The voice filtered through her bones and she felt every muscle in her body tense. She raised the gun, looking to aim where the bullhorn was. It was tempting to shoot in that direction. If she could shut up the voice, maybe she could shut up the instructions the voice was giving.

  "Christina, I've got the bullhorn," she said.

  "Excellent. If they fire, take him out first." That wasn’t exactly what GJ was thinking, but it was close enough.

  Then the bullhorn voice came loud and clear through the air again. "Time's up."

  30

  Walter waited. Though her entire body was tense, and though the situation had her on the highest alert possible, she kept her heart rate low and her breathing steady. Her weapon was raised and aimed. The man with the bullhorn had told them their time was up, but so far, nothing had happened. There were no bullets coming through the windows or doors. They had not lobbed grenades or bombs, or lit anything on fire. So Walter waited. Empty threats were no good, and she knew how to be patient. She simply had to keep the people behind her waiting as well. She saw herself as the commander of a small, fairly well-trained unit, and there was no mistake that she was in charge now.
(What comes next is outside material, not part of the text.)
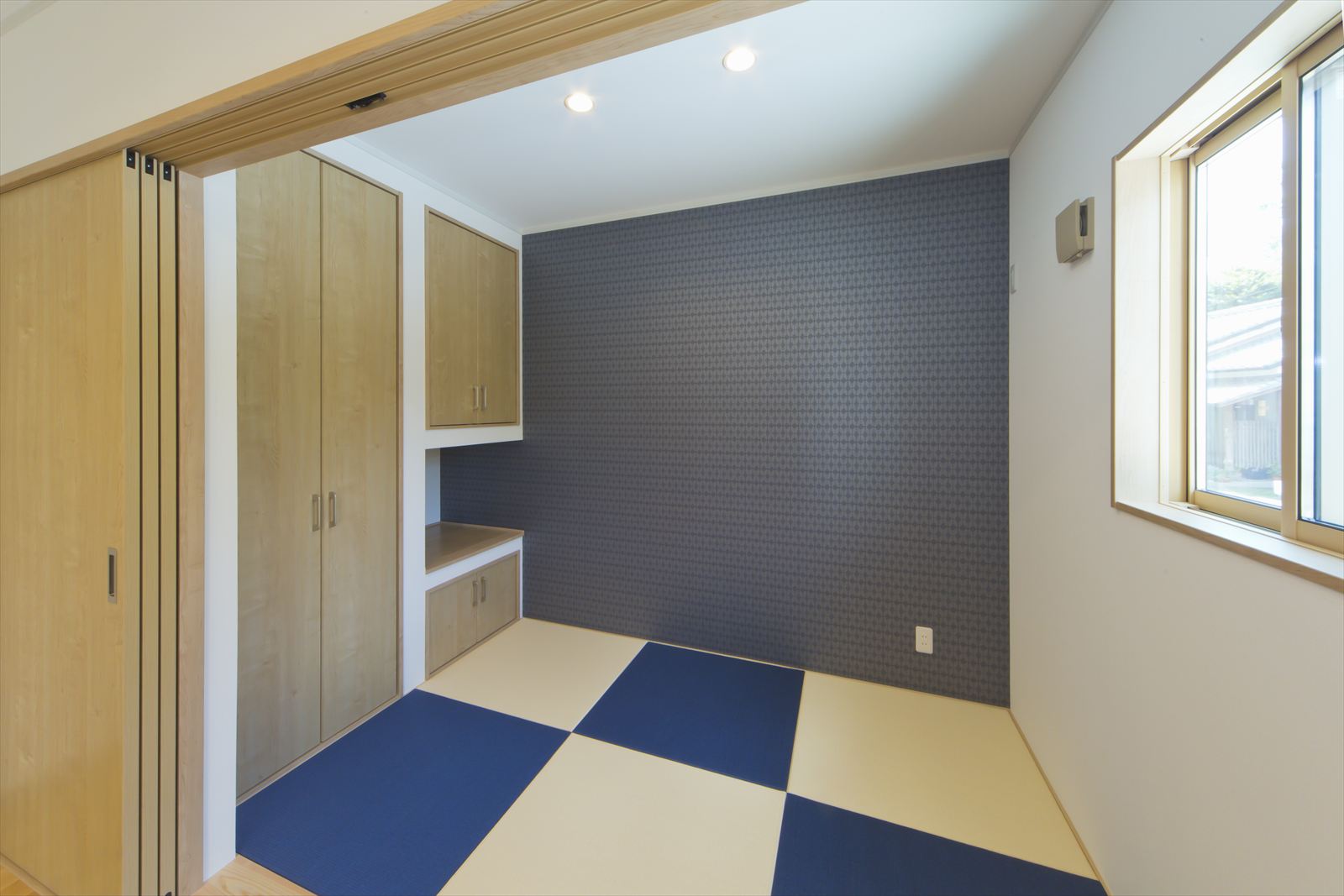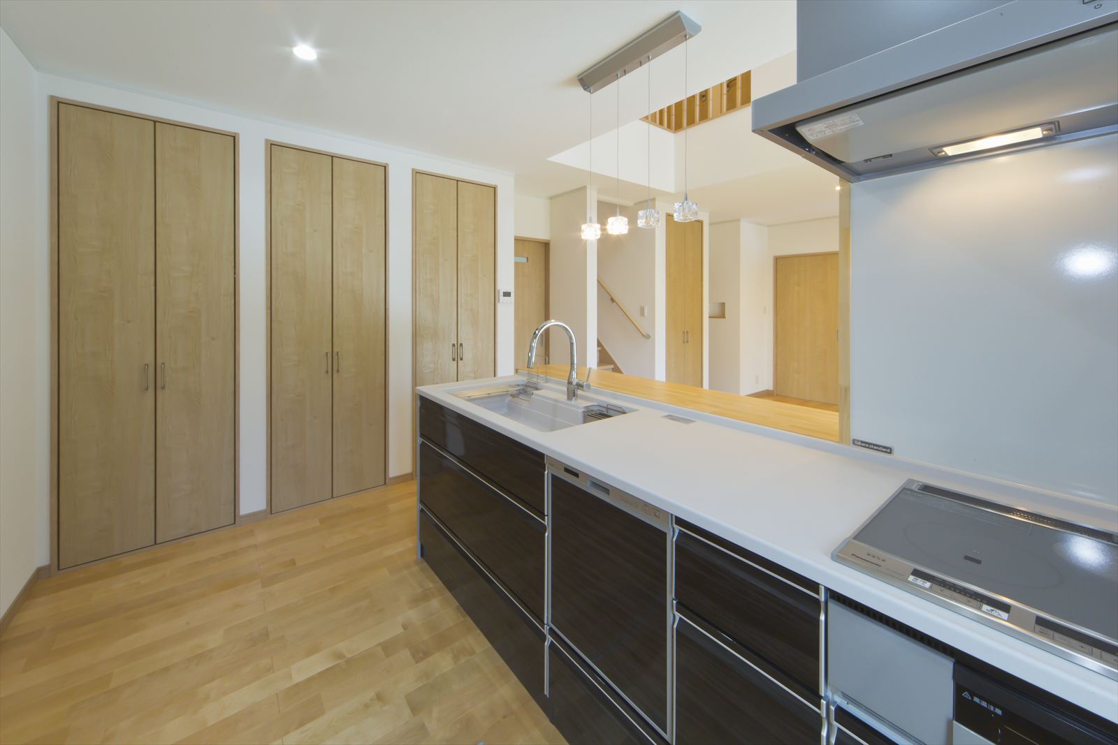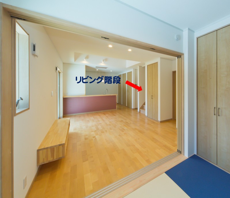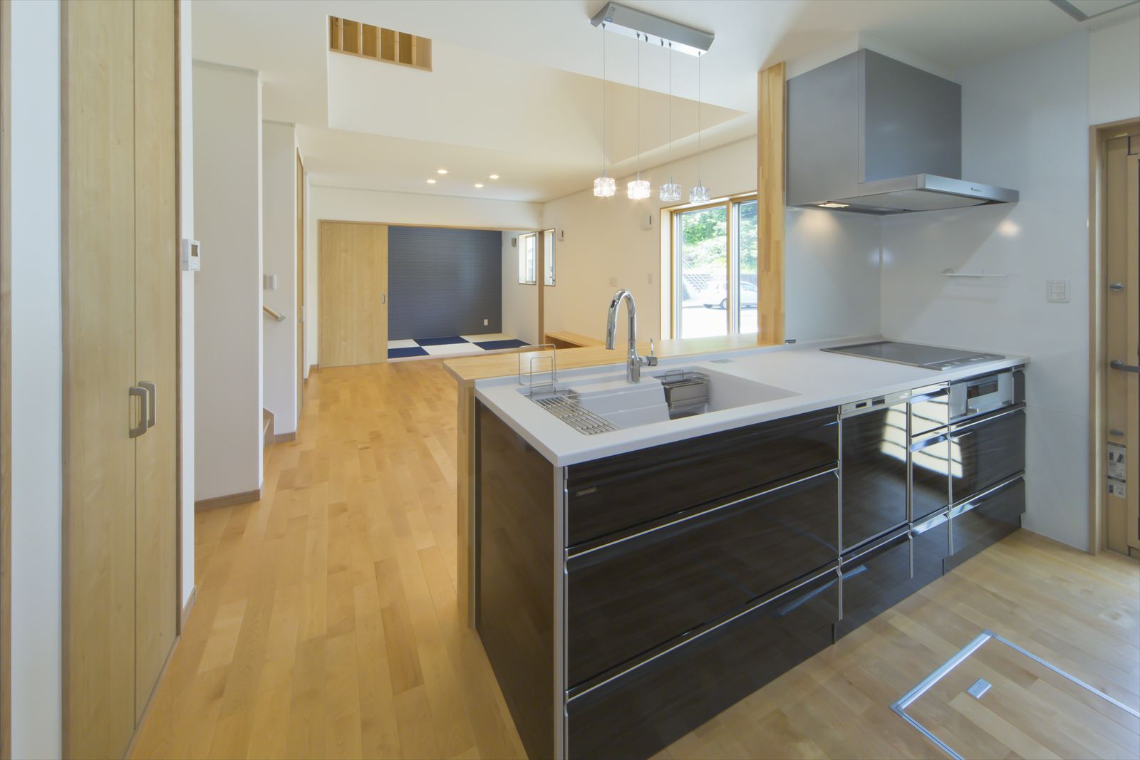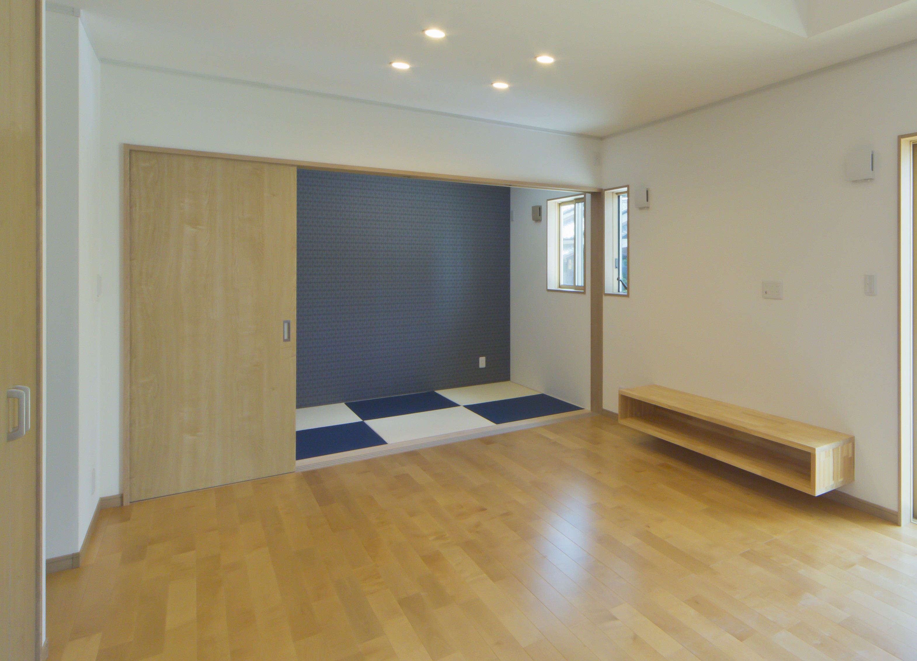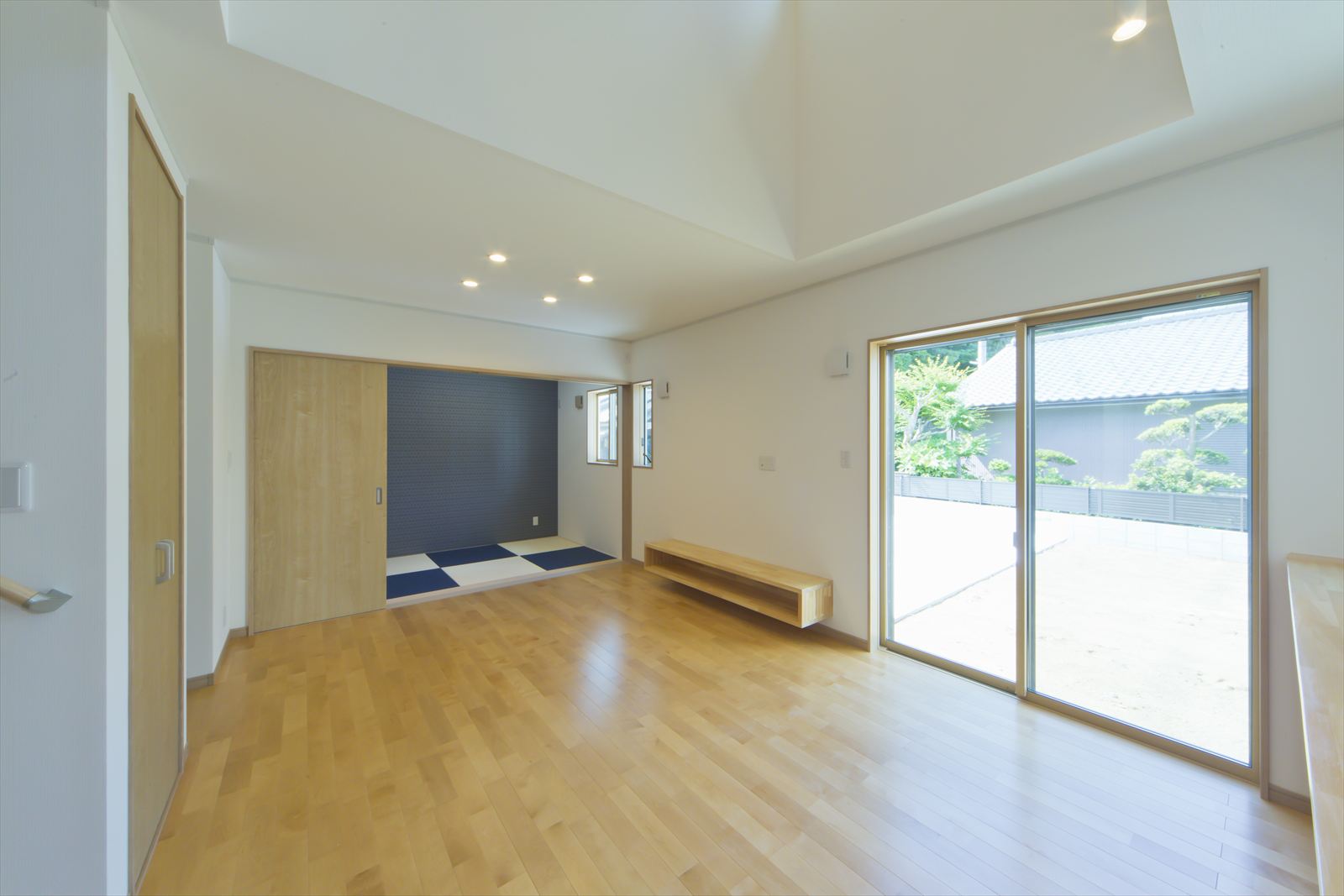 リビングへの扉を開くと吹き抜けの天井から柔らかな自然光が降り注ぐH様邸。ちょうどダイニングの真上に吹き抜けの天井があるので、キッチンに立っていても2階ホールの様子が分かり、会話を交わすことだって可能です。また、リビングを挟んで、キッチンの正面に位置するモダンな畳スペースは、3枚の引込戸の開閉によりリビングの一部として、また個室として幅広く活用することができます。

  She stood at the front of the small formation, closest to the window, ready to take the brunt of whatever came through. That's what a commander did. For the briefest second, she imagined GJ in a very similar position, in her own special corner of another house.

  She had no idea if Christina had raised a weapon or a bare palm. Perhaps she was going to work some kind of voodoo on the people outside. If she could do that to thirty or forty or fifty people at once, that would be a godsend. And Walter wished the other agent would, but she heard nothing through the open phone line and saw no evidence of it in the people outside.